Annual Outlook

THE FUTURE OF HEALTHCARE: INVESTING IN A POST-REFORM WORLD

Published by Psilos Group, April 17, 2013

EDITOR’S NOTE: This paper is the fifth Annual Outlook published by healthcare investment firm Psilos Group. The Psilos Annual Outlook is intended to provide investors, analysts, businesses, and policymakers with a guide to the issues and trends that will shape healthcare investing in 2013 and beyond. Since 1998, Psilos has fueled the development of healthcare companies, driving innovations that reduce cost, improve quality, and align incentives across payers, providers, and patients.

Private Healthcare Exchanges on the Rise

Healthcare Insurance Providers Embrace Innovation

Consumers Will Assume Responsibility for Their Healthcare Purchases

New Technology Platforms Take Healthcare into the 21st Century

Huge Opportunities to Reduce Waste and Error

Love it or hate it, healthcare reform is here to stay. But the healthcare crisis in this country is far from over. While reform focuses primarily on providing healthcare coverage to 32 million uninsured Americans, the core problem remains: controlling costs and improving quality.

The numbers speak for themselves. The CommonWealth Fund projects that in 2013, healthcare costs alone will eat up 24% of median family income, and by 2021, those costs will rise to 31%. Additionally, The Kaiser Family Foundation reports that family healthcare insurance premiums increased 272%: from $5,791 in 1999 to $15,745 in 2012. Meanwhile, inflation in the U.S. is rising at just 2% annually, while overall healthcare costs are rising at 8%.

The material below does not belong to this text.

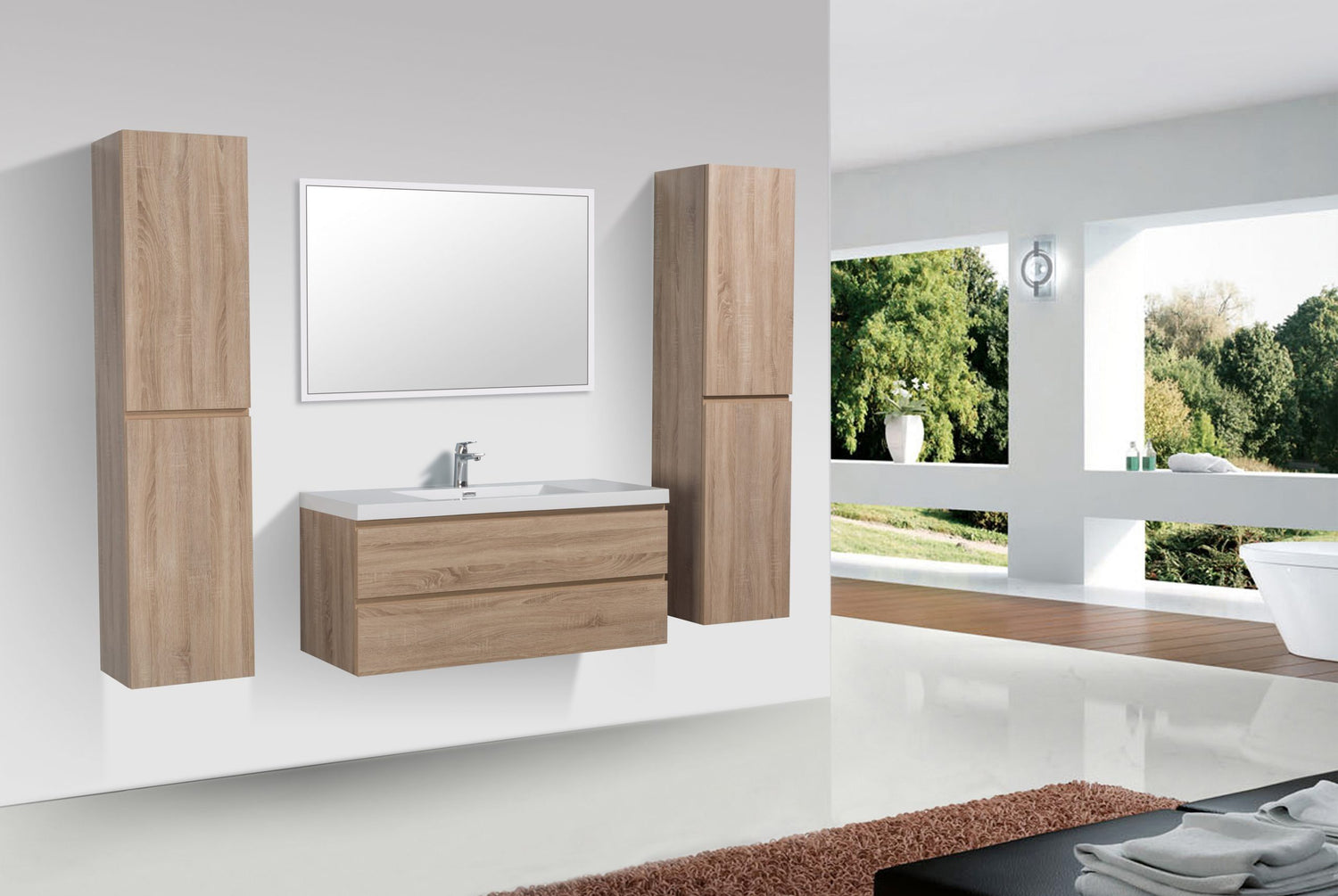 Venice is a modern vanity from the “Collezione Italiana” produced by Zimmer Vanities. This vanity is perfect for your bathroom. The Venice bathroom vanity is available in different colors, high gloss white and white oak, the product delivered is with the doors and drawers mounted.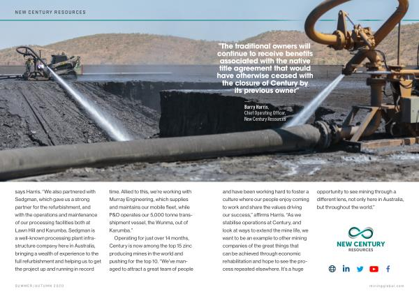 155 and have been working hard to foster a culture where our people enjoy coming to work and share the values driving our success ,” affirms Harris . “ As we stabilise operations at Century , and look at ways to extend the mine life , we want to be an example to other mining companies of the great things that can be achieved through economic rehabilitation and hope to see the process repeated elsewhere . It ’ s a huge opportunity to see mining through a different lens , not only here in Australia , but throughout the world .”

Perhaps most staggering of all, the U.S. healthcare system squanders approximately $800 billion a year or roughly 30 cents of every medical dollar through unneeded care, errors, fraud, and other wasteful practices, according to The Institute of Medicine.

Though healthcare reform does not address the cost issues head-on, it does shine an indirect light on the problem. As a leading investor in the healthcare market, Psilos Group believes that removing costs from the system while improving quality is the best way to make a positive difference in today’s healthcare system.